The Repo Market Is Under Control so Long as the Fed Controls It

  • – The Fed Is Losing Its Grip on U.S. Interest Rates Once Again
    Fed funds is unusually close to the low end of policy range
    This could prompt yet another tweak to a rate called IOER

    Although the Federal Reserve has calmed money markets during the past two months, success has a downside: The main interest rate that officials try to wrangle is getting close to the edge of the range they’re targeting. Actions including the Fed’s recent repo-market liquidity injections and Treasury-bill purchases have pushed the effective fed funds rates down to 1.55%. That’s still within the 1.50%-to-1.75% band where central bankers want it to be, but it’s unusually near the lower boundary. Some are worried it could dip below.

  • Summary

    In yesterday’s testimony, Chairman Powell proclaimed the repo market is under control. The effective funds rate is trading even with IOER for the first time in many months. However, this is all due to the Fed’s heavy involvement via repo operations and T-bill purchases. This market will remain under control so long as the Fed controls it.


    Since the repo market’s dysfunction started in mid-September, the Fed has flooded the market with reserves. The chart below shows that, between overnight and term repo operations, as well as T-bill purchases, the Fed has put $276 billion of liquidity into the system.



    As a result of these injections, the Fed’s balance sheet has risen by a similar amount.



    All these reserves are having an effect. The effective funds rate (orange) is now slipping under the midpoint of the target federal funds rates (black). For the first time in many years, this spread is negative (bottom panel).


    Mechanically the effective funds rate (orange) is falling back to Interest on Excess Reserves (IOER, black). As the bottom panel shows, the spread is zero again.

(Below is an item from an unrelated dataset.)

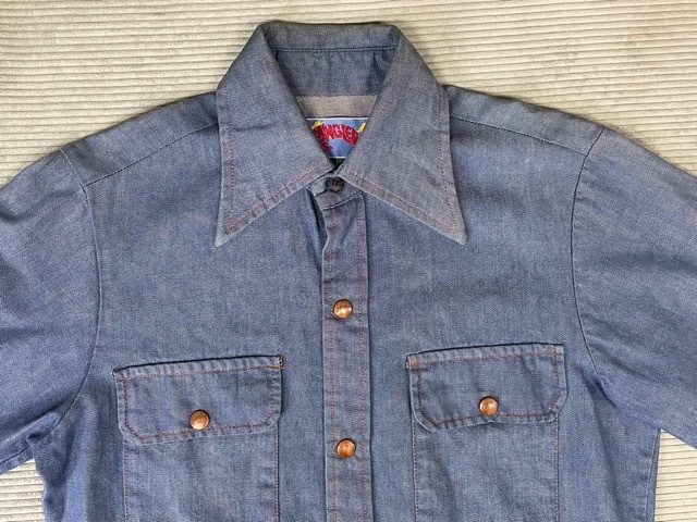 | 説明 | 70年代頃の暴れ馬タグ ラングラーのデニムシャツです 襟長、カフスはスナップボタンでジャケット風に合わせられます 色落ちほとんどなく今後の色落ちも楽しめます 開閉はフルスナップボタン |

    And recall that when reserves were getting tight throughout 2018 and into mid-2019, causing the spread above to widen, the Fed would cut IOER (black, below) further below the top end of the target rate (blue, below). Officials labeled this as nothing more than a technical adjustment.
    As the bottom panel below shows, the Fed engineered four cuts of IOER by five basis points, each designed to lower IOER relative to the target rate. Currently, IOER is 20 basis points below the top end of the target funds rate, or 8.5 basis points below the mid-point.

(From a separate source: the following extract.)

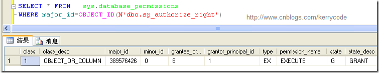 此時,已經(jīng)實現(xiàn)了擁有DML操作權(quán)限,如果需要擁有存儲過程和函數(shù)的執(zhí)行權(quán)限,必須使用GRANT語句去授權(quán),一個生產(chǎn)庫的存儲過程和函數(shù)加起來成千上百,如果手工執(zhí)行的話,那將是一個辛苦的體力活,而我手頭有十幾個庫,所以必須用腳本去實現(xiàn)授權(quán)過程。下面是我寫的一個存儲過程,亮點主要在于會判斷存儲過程、函數(shù)是否已經(jīng)授予了EXE或SELECT權(quán)限給某個用戶。這里主要用到了安全目錄試圖sys.database_permissions,例如,數(shù)據(jù)庫里面有個存儲過程dbo.sp_authorize_right,如果這個存儲過程授權(quán)給Test用戶了話,那么在目錄試圖sys.database_permissions里面會有一條記錄,如下所示:

    So What Does This All Mean?

    The Fed never understood the post-crisis over-regulation of bank reserves, especially the 2016 G-SIB rules, were restricting available reserves for the repo market. The market sent warning signs with the widening effective/IOER spread. The Fed dismissed these signs and cut IOER by small increments (five basis points) to keep repo’s close cousin, the effective funds rate, near the mid-point of the target range. This worked for a while.

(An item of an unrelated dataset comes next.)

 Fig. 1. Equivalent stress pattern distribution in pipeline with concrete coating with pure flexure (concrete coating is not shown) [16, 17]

    Then, in mid-September, the repo market broke as the shortage of reserves became too great to ignore. Rather than address the regulations that were creating some of these issues, the Fed opted to flood the market with nearly $300 billion of newly created reserves.

    The Fed has effectively calmed the repo market by subsidizing it. This subsidy is not likely to go away anytime soon, as year-end liquidity squeezes are right around the corner. Given the Fed’s involvement in this market is likely to continue, the effective funds rate could fall even further relative to IOER. This will be seen as a good thing by many, but it is reliant on the Fed’s continued involvement in the repo market.

    This repo saga is not over. More chapters are being written.